Whatever occupation you’re in, it is worth knowing what the carcinogens are in your workplace, and doing your best to avoid them. Sometimes it’s easy - painters and mechanics can wear protective gloves, people in dusty environments can wear masks, anybody getting close to chemicals can use barriers and regularly launder clothes (those poor chimney sweeps back in the 1800s were probably going to bed at night not only in the same clothes they’d been sweeping chimneys in, but under blankets they’d been using to gather up soot!).
Being personal about this for a minute - do I believe that my own cancer was potentially caused by my being a pilot? No, actually I don’t - the statistical evidence is that prostate cancer isn’t one of the ones that’s more likely in aircrew.

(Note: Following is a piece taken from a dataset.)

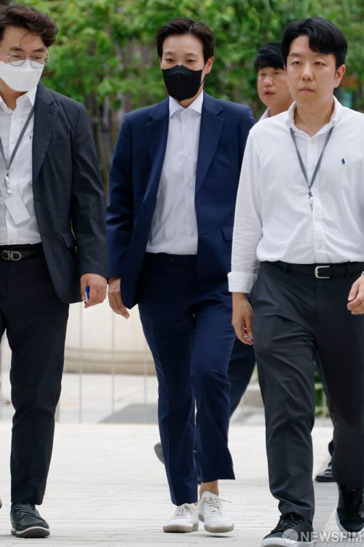 [서울=뉴스핌] 류기찬 인턴기자 = 정지원 전 대통령실 행정관이 25일 오후 서울 종로구 KT광화문빌딩 웨스트에 마련된 김건희 특검 사무실에 조사를 받기 위해 출석하고 있다. 2025.07.25 ryuchan0925@newspim.com

Also whilst I’ve a fair number of flying hours (for the record, two thousand four hundred and twenty eight hours and twenty one minutes, plus whatever passenger flying I’ve done over the years), the vast majority of that was under 5,000ft and in aeroplanes without a radar. Frankly, I just got unlucky - but that doesn’t mean that I don’t now think that aircrew cancer is a very big deal, and I, and my colleagues, should take this very seriously. So should you, whatever your own professional environment.





Is lead protection in the form of PPE possible? Consider thyroid collars used in operating theatres. I'm not being in the least bit facetious as I suggest lead-line underwear. There is a lot to understanding of radiation including internal scatter and I know a little due to requesting x-rays but I'm not a radiologist.